I have a plenty of code like that:

size_type size = 100;
thrust::cuda::vector< T > a{size}, b{size}, c{size}, result{size};
thrust::cuda::vector< int > selector{size};
// a, b, c and selector are filled with something meaningful here
auto it = thrust::make_zip_iterator(thrust::make_tuple(a.cbegin(), b.cbegin(), c.cbegin()))
using arg_type = typename decltype(it)::value_type;
auto modify = [] __host__ __device__ (arg_type arg, int selector) -> T
{
    switch (selector) {
    case 0 : {
        return thrust::get< 0 >(arg);
    }
    case 1 : {
        return thrust::get< 1 >(arg);
    }
    default : {
        return thrust::get< 2 >(arg);
    }
    }
};
thrust::transform(p, it, thrust::next(it, size), selector.cbegin(), result.begin(), modify);

There are even a much more complex combinations of tuples of tuples of iterators, resulting after application of zip and permutation iterators’ factory functions.

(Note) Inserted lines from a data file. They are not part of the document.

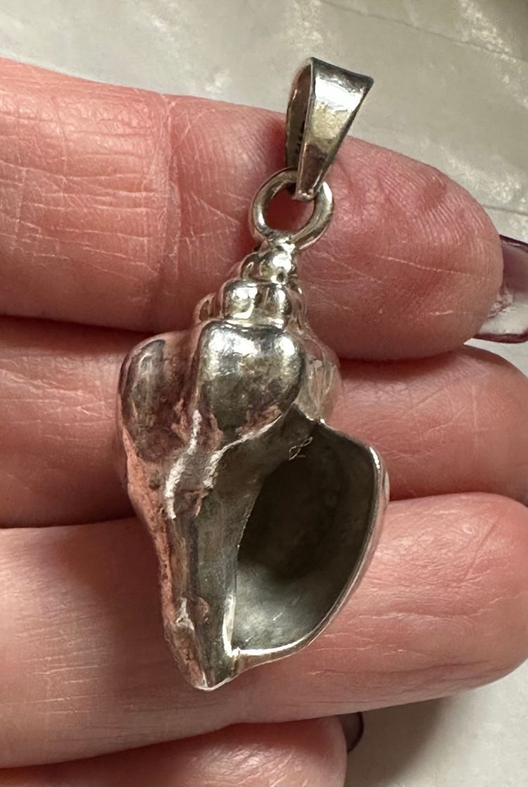 Vintage Mexico 925 Sterling Silver conch Shell pendant. It has a 3-D design and measures approximately 1.5” with the bale. It weighs 7.4 grams. Excellent condition.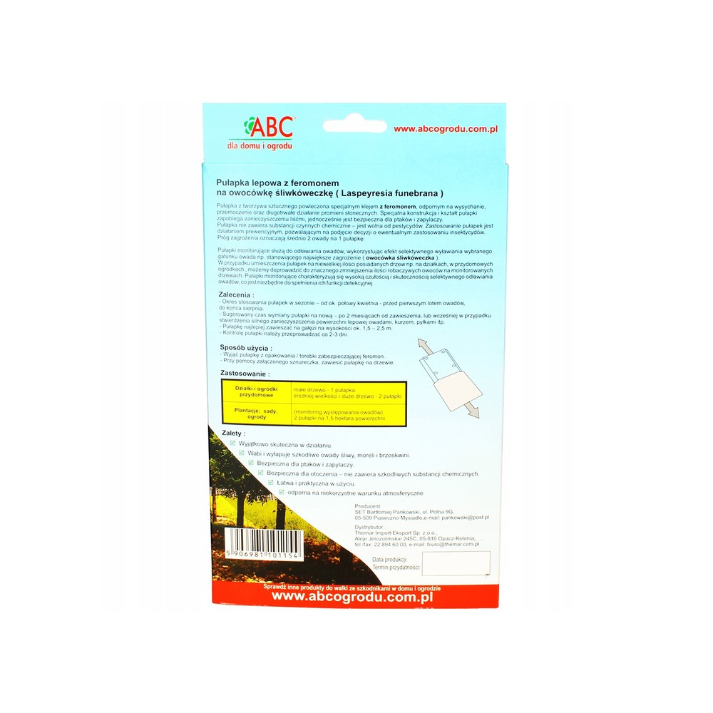 Pułapka z tworzywa sztucznego powleczona specjalnym klejem z feromonem, odpornym na wysychanie, przemoczenie oraz długotrwałe działanie promieni słonecznych. Specjalna konstrukcja i kształt pułapki zapobiega zanieczyszczeniu liśćmi, jednocześnie jest bezpieczna dla ptaków i zapylaczy. Pułapka nie zawiera substancji czynnych chemicznie - jest wolna od pestycydów. Zastosowanie pułapek jest działaniem prewencyjnym, pozwalającym na podjęcie decyzji o ewentualnym zastosowaniu insektycydów. Próg zagrożenia oznaczają średnio 2 owady na 1 pułapkę.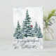 Rustic Green Winter Pine Trees Red Cardinal Bird Holiday Card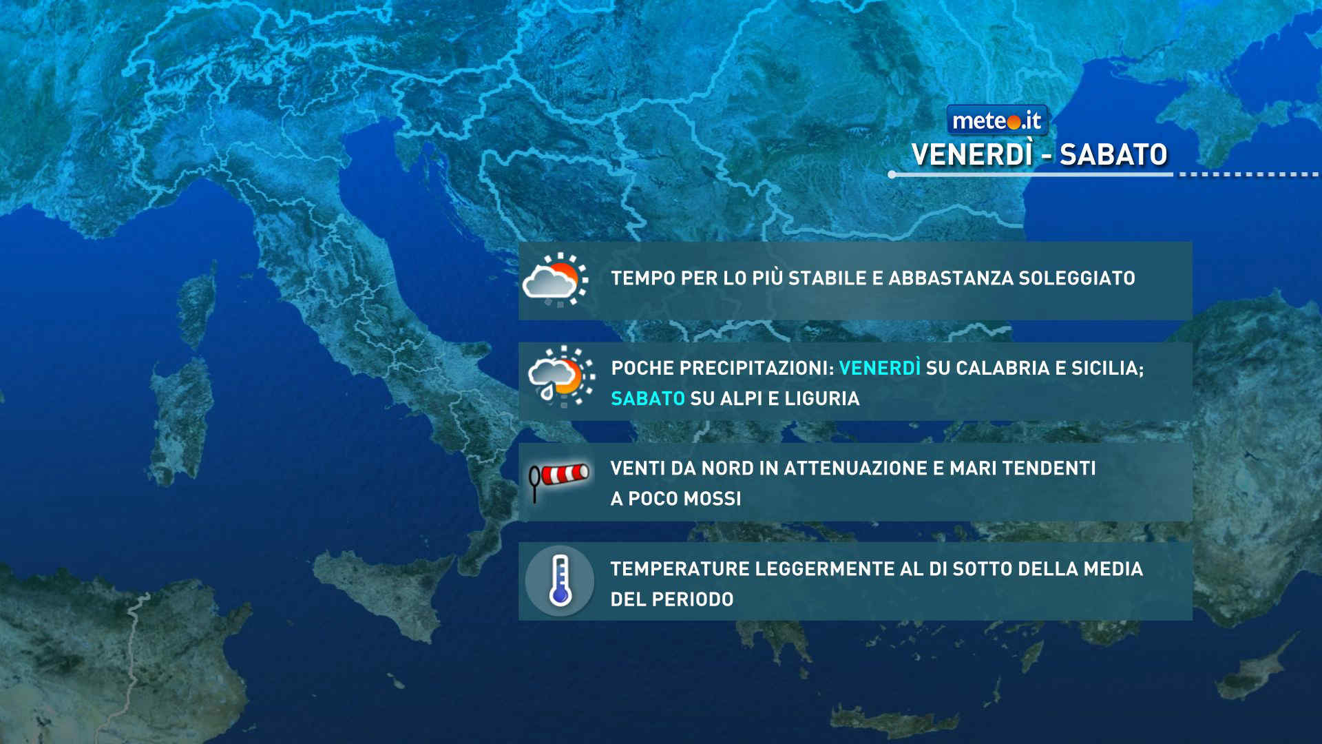 Temperature senza grandi variazioni, al più in lieve calo nelle regioni settentrionali. Venti dai quadranti settentrionali, in prevalenza deboli salvo ancora locali moderati rinforzi. Mari per lo più poco mossi.

It is not a misuse of zip iterator in my case because transition AoS → SoA is neccessary here, due to all the resulting arrays are eventually used with another ones in diverse combinations repeatedely.
When I print arg_type I see that it is just a tuple of values (maybe of tuples of values of tuples of values etc in real case), not a tuple of references at the very end. This means for me, that in case of above modify functor I have triple memory bandwidth consumption wasted unconditionally, isn’t it? I mean arg receives all three float values before functor body execution for every index, with no dependance on selector value, is it true?
For above case I have std::is_same< arg_type, thrust::tuple< float, float, float > >. I may stop to use handy decltype operator and to specify exact needed type manually instead: using arg_type = thrust::tuple< const float &, const float &, const float & >;. But for (mentioned above) complex types it is a boring way. Also I can invent metafunction using templates, which can infer desired type in recursive manner, but it seems a too complex way.
Are my suspicious about bandwidth waste all correct? Or vice versa: is it possible, that kernel fuse (inlining?, application of SSA form step?) for templated global functions is such good, that no one excessive memory access can take place?